In the dream, I was guilty of abusing a position of trust, by engaging in a sexual relationship with a disabled client of an organisation I work for. I was not conscious of any guilt in the dream, in fact it was the best thing ever to happen to me. I might add that, in the dream, the client’s disability was cured by the sex. But my old English teacher from school (in real life a severe, Oxford-educated matriarch who seemed to regard me as something of a star pupil) was concerned that my academic work would suffer if I took time off to go to a lunchtime concert with the disabled client. I was quite determined to defy her though.
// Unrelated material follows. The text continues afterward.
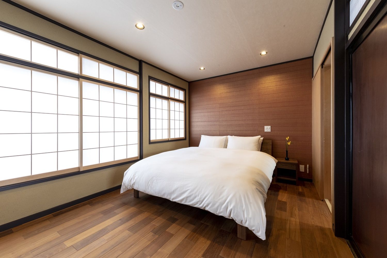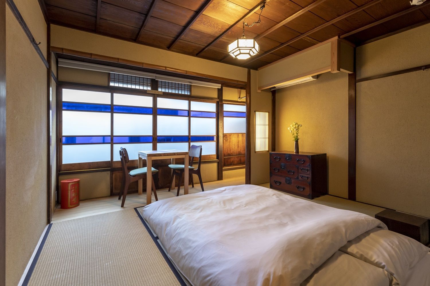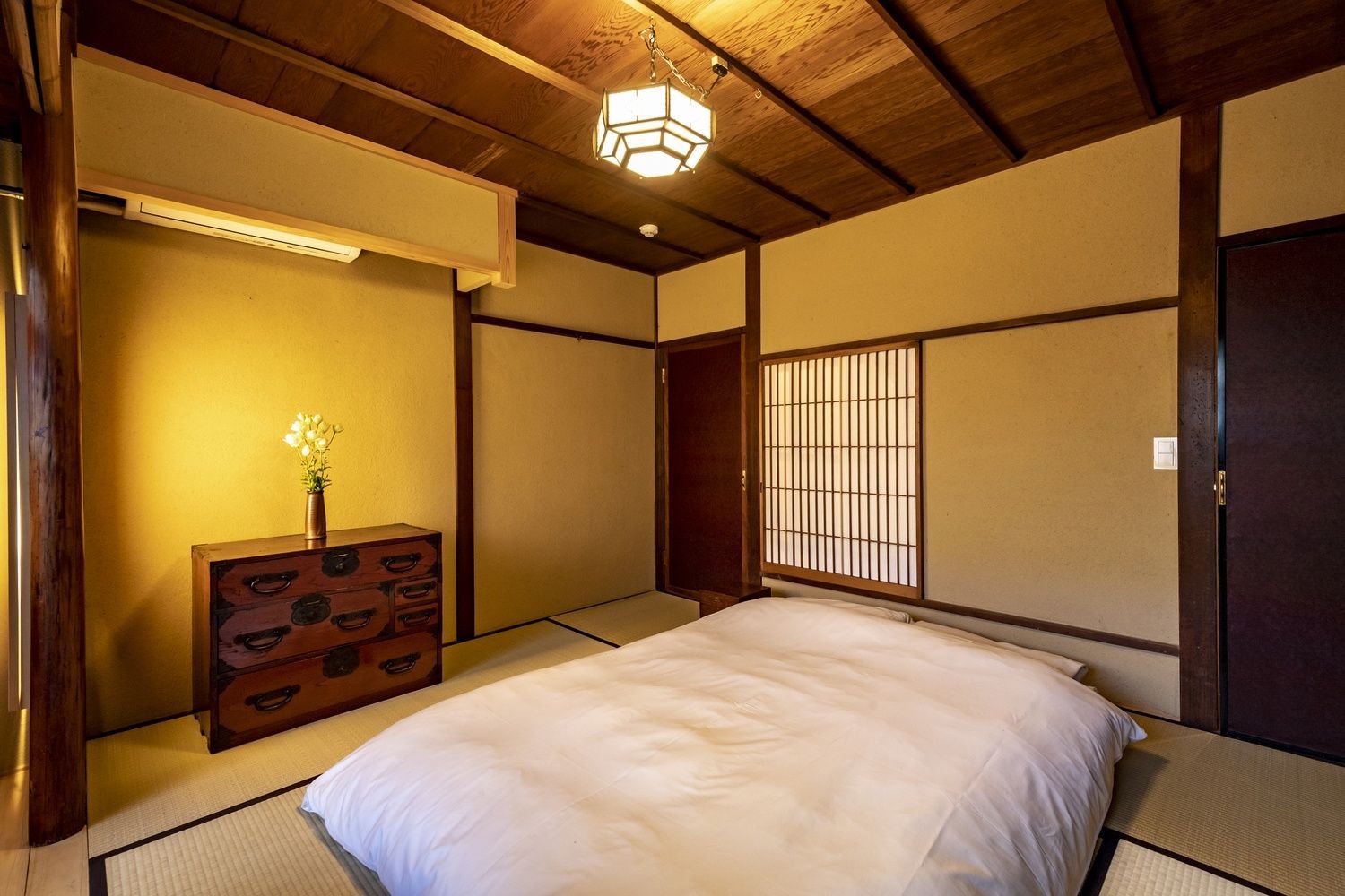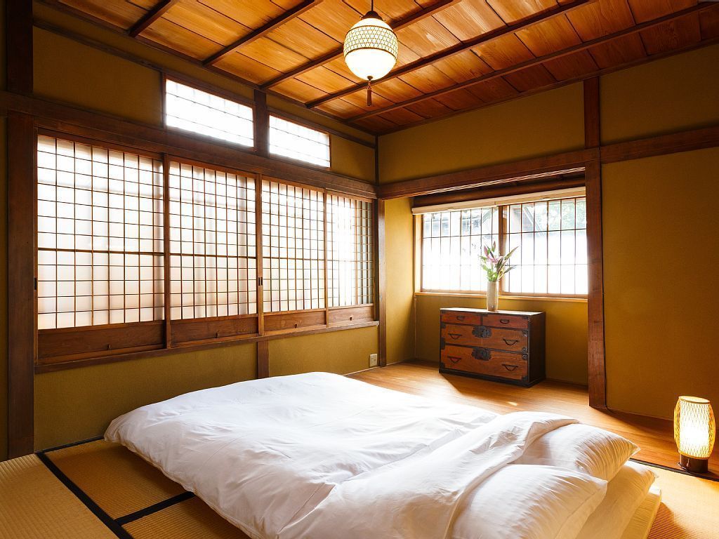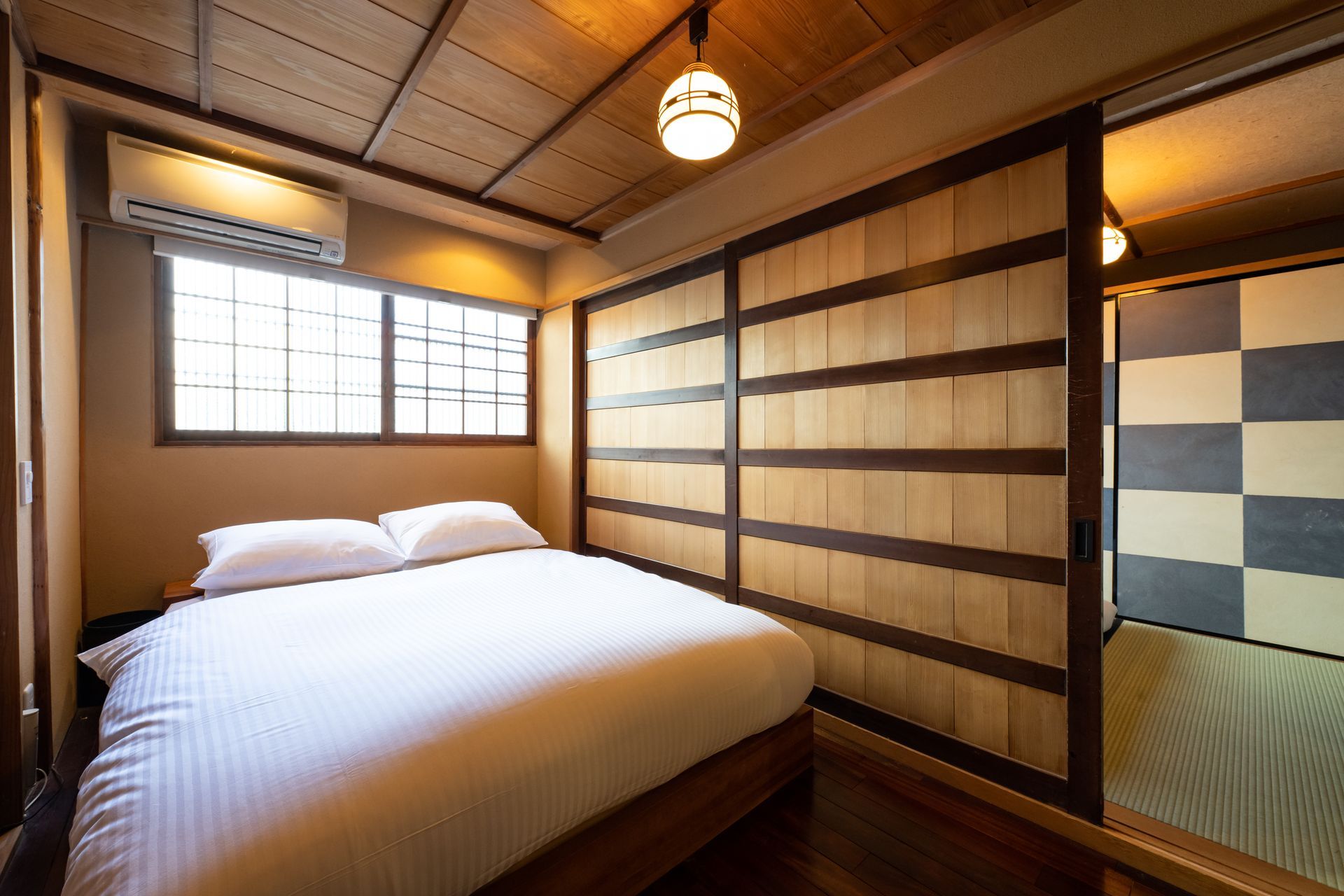 The Gion House Upper Level encompasses the entire upper floor of The Gion House, a traditional machiya which is steeped in history. Nestled on a quiet side street in the heart of Gion, the house was meticulously renovated in early 2023. With its own entrance, the Upper Level is completely independent from the Gion House Lower Level. There is room for up to four to sleep... two in the tatami bedroom on a futon, and two in the double bed in the Western-style bedroom. Alternatively, the entire house can be rented for up to eight persons.

Seems ironic that all my conscious energies in the dream were concentrated on asserting this daring step of attending a lunchtime concert. Meanwhile, the outrageous daring of having enjoyed committing an act of sexual abuse went unnoticed. These themes are pertinent to a task I’ve scheduled for myself today: to insert a short section of new writing into a talk I’ll be giving tomorrow about my paranoid beliefs. I want to show how they had their roots in my experience of sexual abuse by a peer at the age of fourteen.


it would be better
left completely alone — why
attempt any kind
of illumination, when
the darkness is so easy?

Back to the theme of my own total inadequacy. I am kicking against the self-imposed duty of examining my dreams each morning and extracting a poem from them. I had two dreams. In one I was in bed with my sister; in the other I had designs on another man’s wife. I don’t know how to make incest and adultery palatable or even meaningful.